Thursday, January 22, 2004

Ted Kennedy by Proxy

Via PoliPundit comes this Byron York article titled “AWOL in the fight against George W. Bush” that examines John Kerry’s voting record. I think it bears out my assertion yesterday that Kerry votes with Teddy “nearly 100% of the time.”

CQ found that in 2003, Kerry voted with Kennedy 93 percent of the time on roll-call votes in which both men were present. While that might seem like a lot, it was, historically, a rather low number for Kerry; who voted with Kennedy 100 percent of the time on key votes in 2001, 1999, 1998, 1993, 1992, 1989, 1988, 1987, 1986, and 1985, according to a Republican analysis of CQ's designated key votes from those years.
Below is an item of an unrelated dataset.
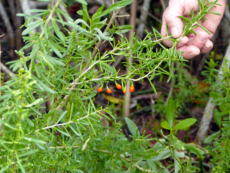 Our goal was to find Christmasberry (Lycium carolinianum) for Edel, and we found fruits on a number of plants, as shown below stabilized for a photo by Ralph …

Now here’s the “rest of the story”: Kerry is more liberal than Kennedy

There are other indicators that Kerry's liberalism, when he is present for votes, matches or even exceeds Kennedy's and those of other liberal icons in the Senate. For example, Kerry has earned a lifetime rating of 93 from the liberal Americans for Democratic Action, which selects key votes each year and rates lawmakers according to a perfect liberal score of 100. Kerry's rating puts him in league with Kennedy, whose lifetime score is a slightly less-liberal 88, and other liberals like Vermont's Patrick Leahy, with 93, and California's Barbara Boxer, with 96.

As the Boston Globe reveals today, Kerry has been trying to retool his far left-wing image by breaking with Kennedy on some key votes this past year:

In anticipation of a long-considered presidential run, Kerry took deliberate steps over the years to shed the liberal New England label that is political poison in other parts of the country. In a speech at Yale University in 1992, he broke from standard liberal dogma by declaring affirmative action to be flawed. In 1995, he voted for a landmark welfare reform package at that the time was labeled "legislative child abuse" by Senator Edward M. Kennedy. In 1998, he gave another speech billed as a dramatic break with Democratic doctrine in which he proposed ending the teacher tenure system. His vote for the Iraq war resolution, which again put him at odds with Kennedy, is also viewed locally in terms of a desire to position himself as a centrist in a general election.

This is certainly all a ruse for his Presidential campaign. Kerry will revert to his 93% liberal rating the minute he wins or loses the election.